> **TASK DESCRIPTION**
Your answer should repeat exactly the lines from the one holding "レーザー加工機導入と同時にコ" through the end of the data, and it should contain no pictures.

> **RAW DATA**

== Segment start ==

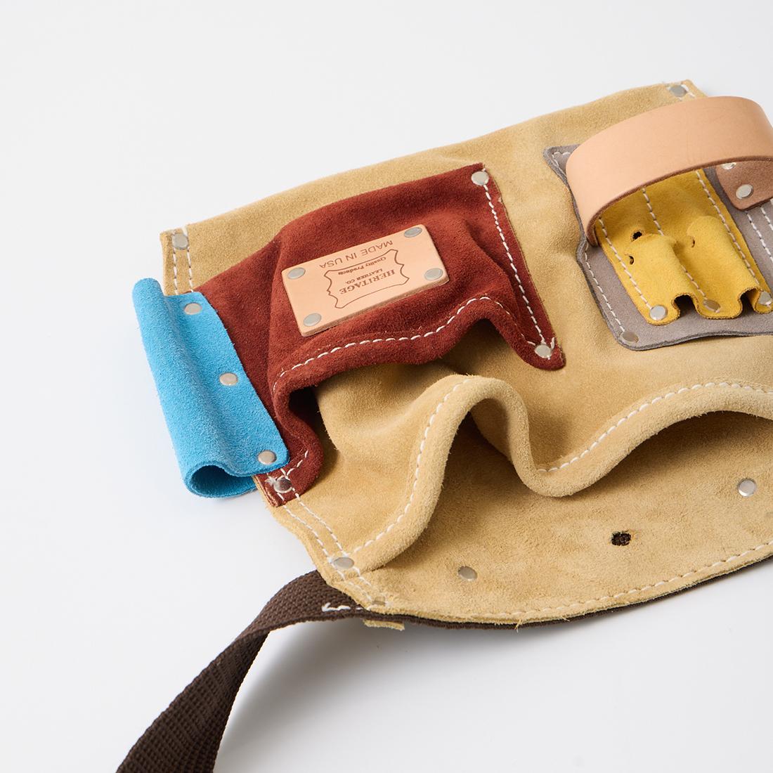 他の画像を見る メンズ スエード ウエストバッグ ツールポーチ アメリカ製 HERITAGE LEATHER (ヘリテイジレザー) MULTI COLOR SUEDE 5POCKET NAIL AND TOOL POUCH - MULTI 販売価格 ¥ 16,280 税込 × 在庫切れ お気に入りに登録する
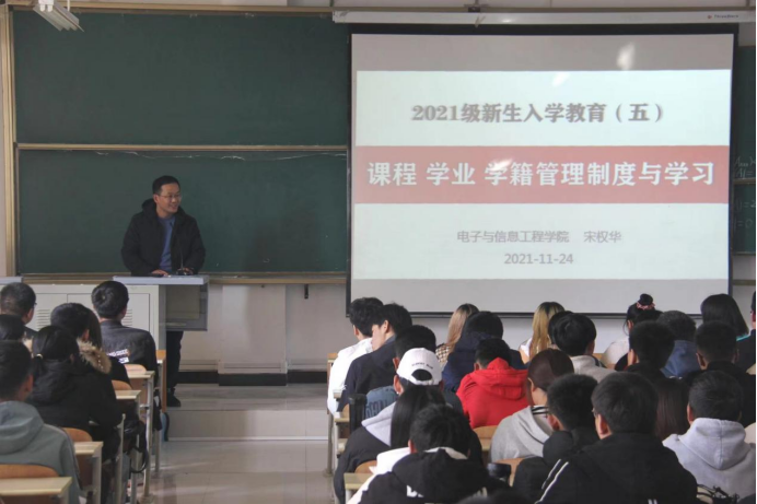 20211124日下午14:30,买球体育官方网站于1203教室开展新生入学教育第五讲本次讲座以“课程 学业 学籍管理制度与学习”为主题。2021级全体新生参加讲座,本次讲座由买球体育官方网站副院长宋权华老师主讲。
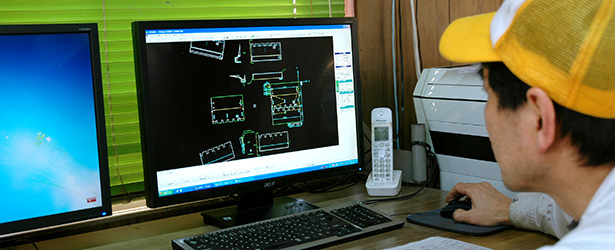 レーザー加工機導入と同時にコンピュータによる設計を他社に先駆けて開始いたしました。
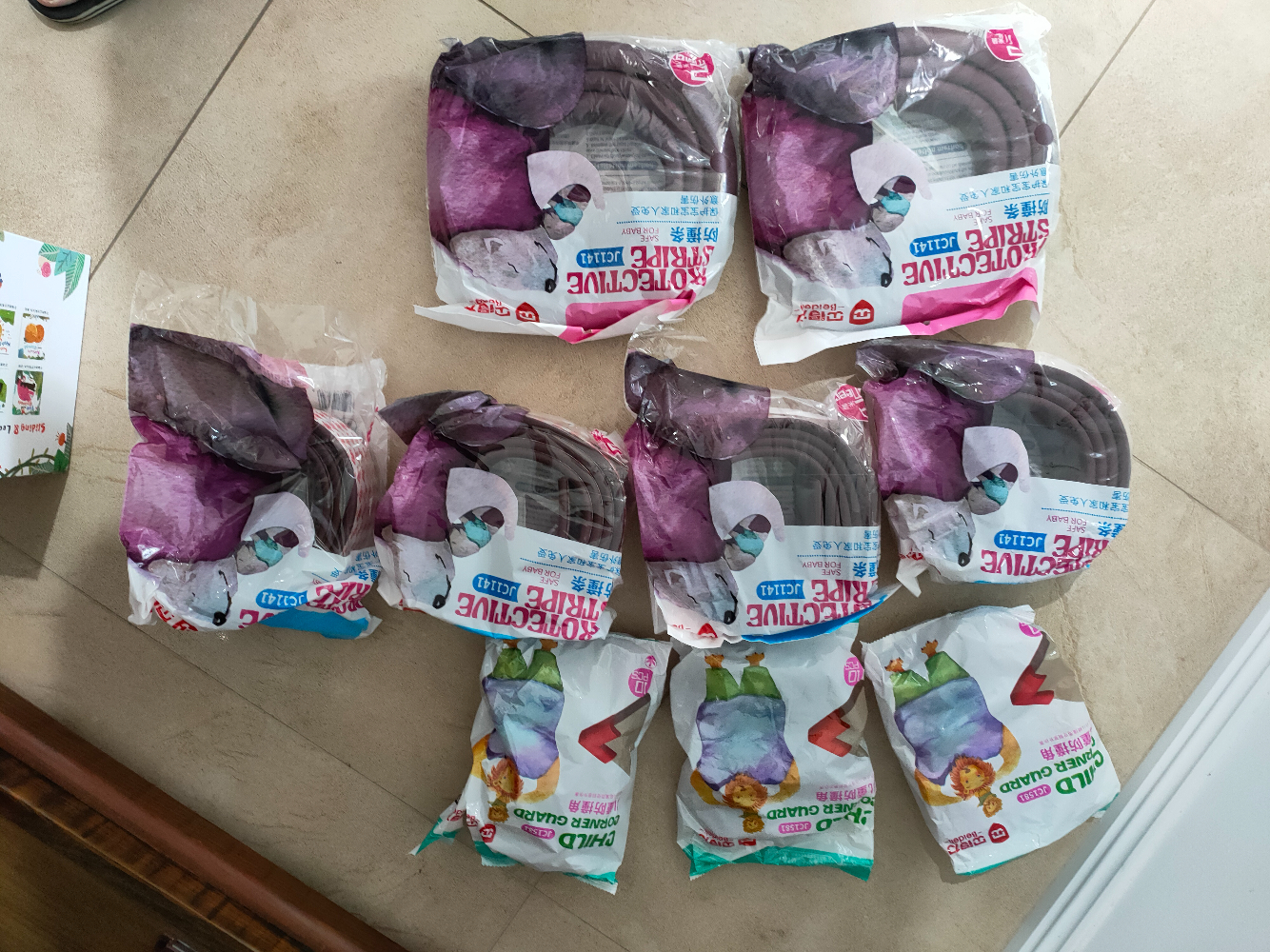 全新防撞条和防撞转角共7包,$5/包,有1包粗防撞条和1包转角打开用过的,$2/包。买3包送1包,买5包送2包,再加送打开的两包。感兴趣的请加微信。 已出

== Segment end ==

> **YOUR RESPONSE**
 レーザー加工機導入と同時にコンピュータによる設計を他社に先駆けて開始いたしました。
 全新防撞条和防撞转角共7包,$5/包,有1包粗防撞条和1包转角打开用过的,$2/包。买3包送1包,买5包送2包,再加送打开的两包。感兴趣的请加微信。 已出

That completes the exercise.